Text-to-speech for React Native

Edit on GitHub

Text-to-speech is a broad topic, but as far as Spokestack is concerned, there are two things your app has to handle: sending the input to be synthesized, and playing the resulting audio for your users. This guide will cover both.

Starting up

To synthesize speech in Spokestack, use the synthesize method. This small API is built similarly to the speech pipeline, but it operates independently.
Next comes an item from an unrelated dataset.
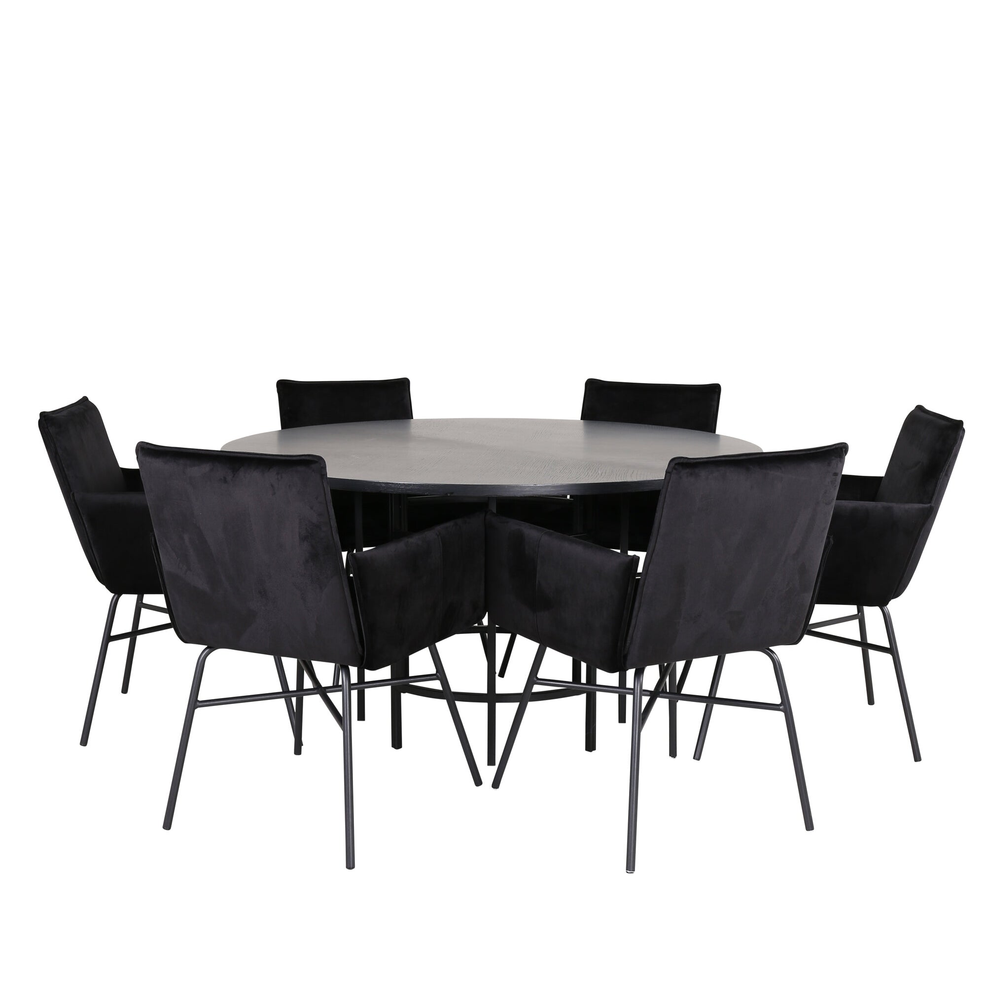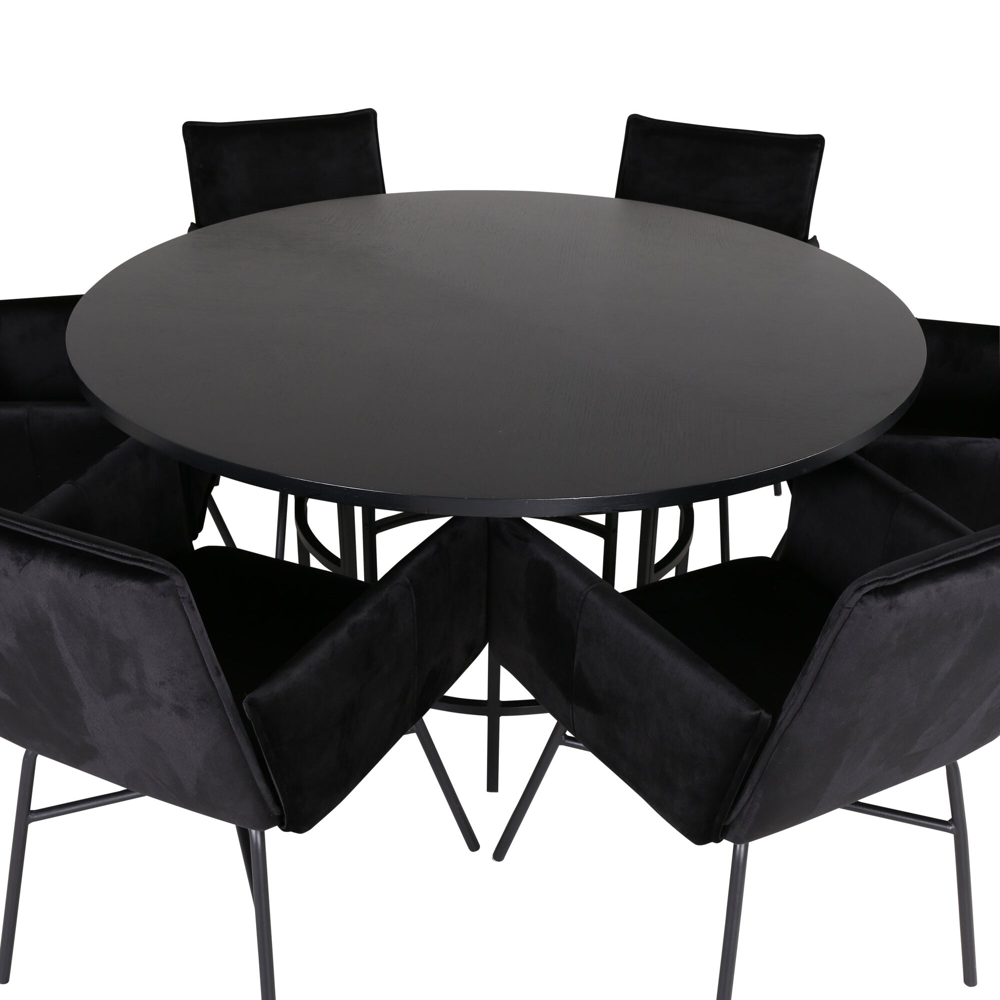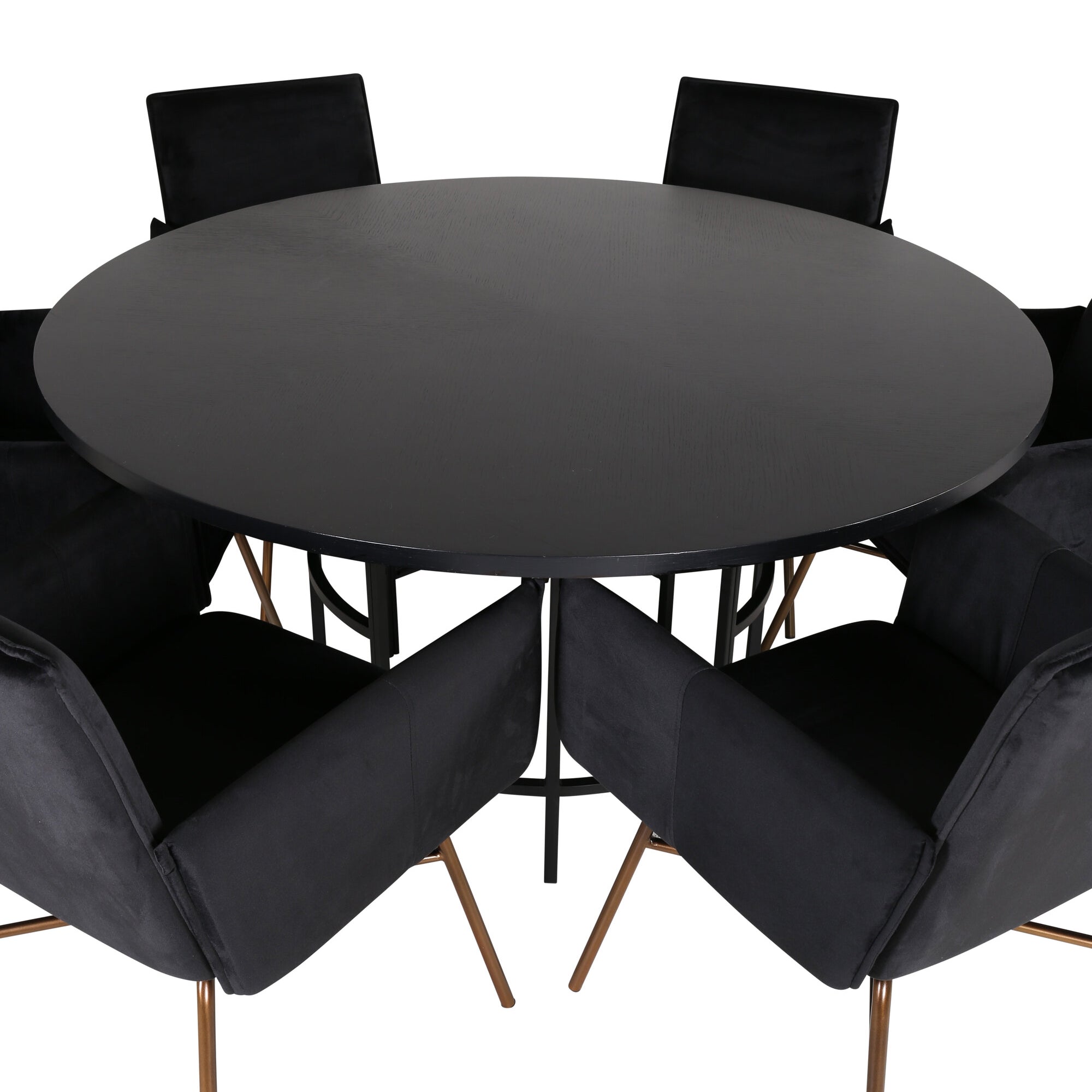 Copenhagen - Jídelní stůl kulatý - Black / Black+Petra Židle - Black / Black Velvet_6

Here’s how to initialize the TTS API as part of the unified Spokestack initialization:

  // omitting speech pipelineline and nlu configuration
  input: '',
  stages: [],
  properties: {},
  nlu: {},
  tts: {
    ttsServiceClass: 'io.spokestack.spokestack.tts.SpokestackTTSService',
    // Spokestack account information
    'spokestack-id': 'f0bc990c-e9db-4a0c-a2b1-6a6395a3d97e', // your Spokestack API ID
      '5BD5483F573D691A15CFA493C1782F451D4BD666E39A9E7B2EBE287E6A72C6B6' // your Spokestack API secret

In this example, spokestack-id and spokestack-secret are set to public values that let you try Spokestack TTS without creating an account. Create an account or sign in to get your own free API credentials and access to additional features!

Generating the audio

Generating a URL to an audio stream of a TTS synthesized voice is just a single method in Spokestack!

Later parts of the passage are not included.